Thousands take to the streets in Pakistan’s South Waziristan to demand peace

Protests have been taking place in Pakistan against the conflict between the army and groups such as the Tehreek-e-Taliban-e-Pakistan

January 11, 2023 by Peoples Dispatch
Anti-terrorism protest Pakistan
(Photo: Mohsin Dawar/Twitter)

Thousands took to the streets in Pakistan’s South Waziristan district on Friday, January 6, to protest against increasing violence between the army and groups such as the Tehreek-e-Taliban-e-Pakistan. The protest in Wana demanded the immediate restoration of peace following several weeks of violence.

Lawmaker and representative from North Waziristan Mohsin Dawar shared visuals from Friday’s massive protest in Wana, at which thousands gathered, and tweeted: “Our people refuse to be used as cannon fodder and scapegoats in the new great game being imposed on the region.”

The protest in Wana was joined by political workers, social activists, traders, and the youth. Holding white flags and placards, the participants chanted slogans in favor of peace and against the fresh wave of violence in the region.

Addressing the rally, leaders of Pakistan Peoples Party, Pashtun Tahaffuz Movement, Pakistan Muslim League (Nawaz), and Awami Workers Party condemned the violence. Local leaders said that the government had failed to control the situation, and that terrorism was not acceptable at any cost, as per Dawn.

A similar rally was held in Khyber Pakhtunkhwa’s Bajaur district the previous day. It was organized by the Bajaur Peace Action Committee, comprising local leaders and workers of political and religious parties, as well as the residents of the area. “We want to tell the US and the state of Pakistan that our people will not allow the imposition of proxy wars on Pashtun lands. We will resist any and all attempts to impose proxy wars on our lands,” said Dawar, chairman of the National Democratic Movement (NDM) at the Bajaur Aman (or peace) March.

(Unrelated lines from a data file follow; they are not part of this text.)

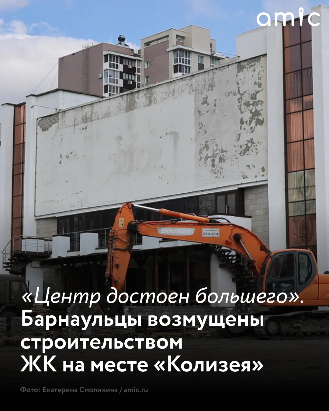 «Немало примеров, когда на месте каких-то важных зданий в Барнауле строят ЖК. Взять, к примеру, Речной вокзал, бывший кинотеатр «Искра». Видимо, стоит переживать и за другие крупные объекты в Барнауле, которые когда-то попали в частные руки. Их не хотят ремонтировать, реставрировать, трансформировать, самое простое — снести и построить дом в 25 этажей. А еще лучше — не один. Наверное, лучше перепрофилировать подобные объекты под какие-то общественные цели. Кинотеатр „Родина“ (пр. Ленина, 19) стал планетарием, в здании бывшего кинотеатра «Премьера» (ул. Крупской, 97) работает дом народного творчества. Жаль, что «Колизею» уготовили другую судьбу», — отмечает Иван.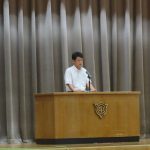 各学年の代表生徒が前期を振り返る話をしてくれました。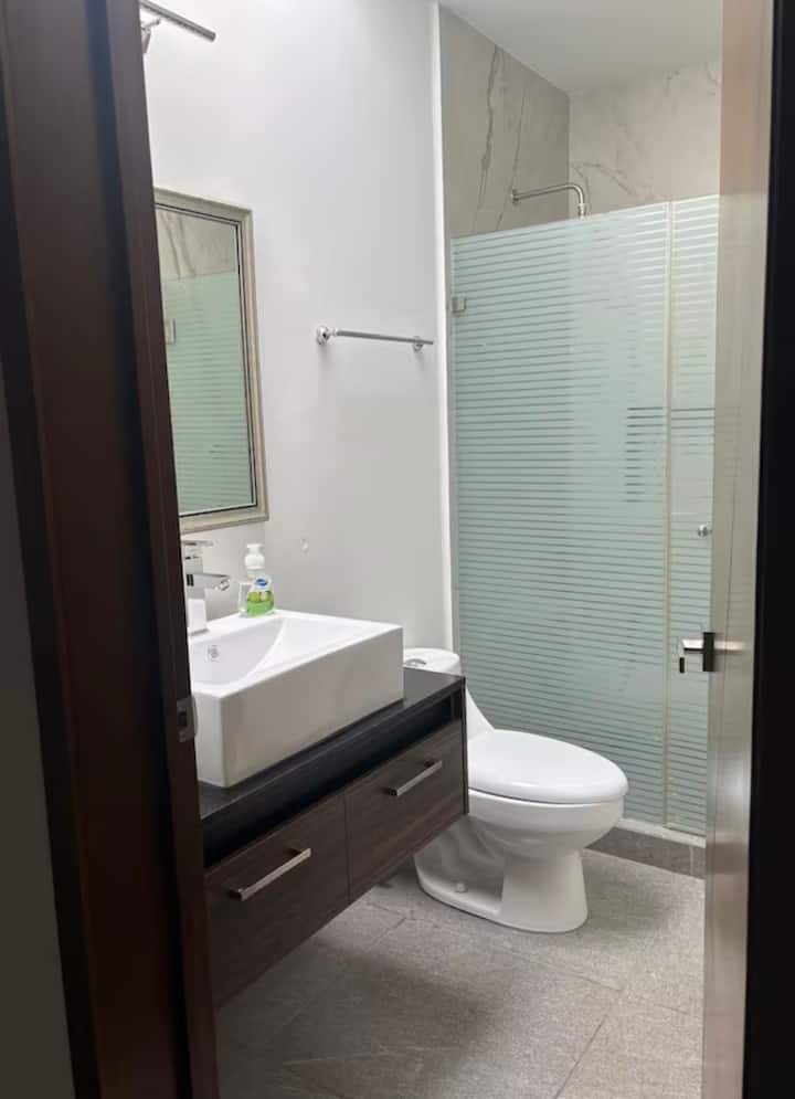 חדר עם חדר רחצה פרטי.

On January 5, the military’s media wing reported the killing of 11 militants including a key commander of the banned Tehreek-e-Taliban-e-Pakistan (TTP) outfit in South Waziristan. This development came a day after the Pakistani government announced that it was going to take “pre-emptive measures” alongside a conciliatory approach to eliminate terrorism.

In recent weeks, incidents of violence resulting in deaths of civilians and soldiers have been reported from Balochistan, Islamabad, and several parts of Khyber Pakhtunkhwa. Militant group TTP is widely believed to be directly or indirectly involved in these incidents. The ceasefire between the Pakistani government and the TTP was officially called off by the latter in November last year.

Violence on the rise in Pakistan’s peripheral provinces

Releasing its annual ‘Pakistan Security Report 2022’ on January 7, the Pak Institute for Peace Studies (PIPS) noted that the TTP was one of the major perpetrators of violence in Pakistan in 2022. The think tank highlighted that the total number of terrorist attacks in the country had increased by 27% from 2021. According to its statistics, a total of 262 attacks took place in Pak­istan in 2022—including 14 suicide bombings—which claimed 419 lives and injured another 734 people.

The Annual Security Report  of the Centre for Research and Security Studies (CRSS) documented 376 terror attacks in 2022, and a total of 506 incidents of violence related to either terrorism or counter-terrorism, leading to 973 fatalities over the year. It noted that 57 of these were claimed by outfits like the TTP, Islamic State of Khorasan, and Balochistan Liberation Army (BLA), and resulted in a disproportionately large number of casualties in Khyber Pakhtunkhwa and Balochistan.

The CRSS said that an “unprecedented spate of terrorist violence” ensued in the two provinces after November 28, with over two dozen attacks recorded in the month of December alone, Dawn reported.

On December 18, militants detained in Khyber Pakhtunkhwa police’s Counter Terrorism Department Centre, located in Bannu district, broke out of lockups, took over the compound, held security personnel hostage, and demanded safe evacuation to Afghanistan. The standoff continued for at least 48 hours before the Pakistani security forces regained control of the building. TTP later claimed responsibility for the attack.

On December 23, one policeman died and at least six people—including four police officers and two others—were injured in a suicide blast in national capital Islamabad, which was later claimed by the TTP.

On December 24, at least five security personnel were killed in two incidents that occurred in Turbat and Chaman in Balochistan. The TTP claimed responsibility for the Chaman attack. Attacks were also reported across Balochistan on December 25, killing six security personnel and injuring 17 people.

Violence directed by the Pakistani military at the Pashtun ethnic minority in the region, once part of the Federally Administered Tribal Area (FATA), now a part of Khyber Pakhtunkhwa, has also been long documented, and critics of that violence have been targets of state persecution.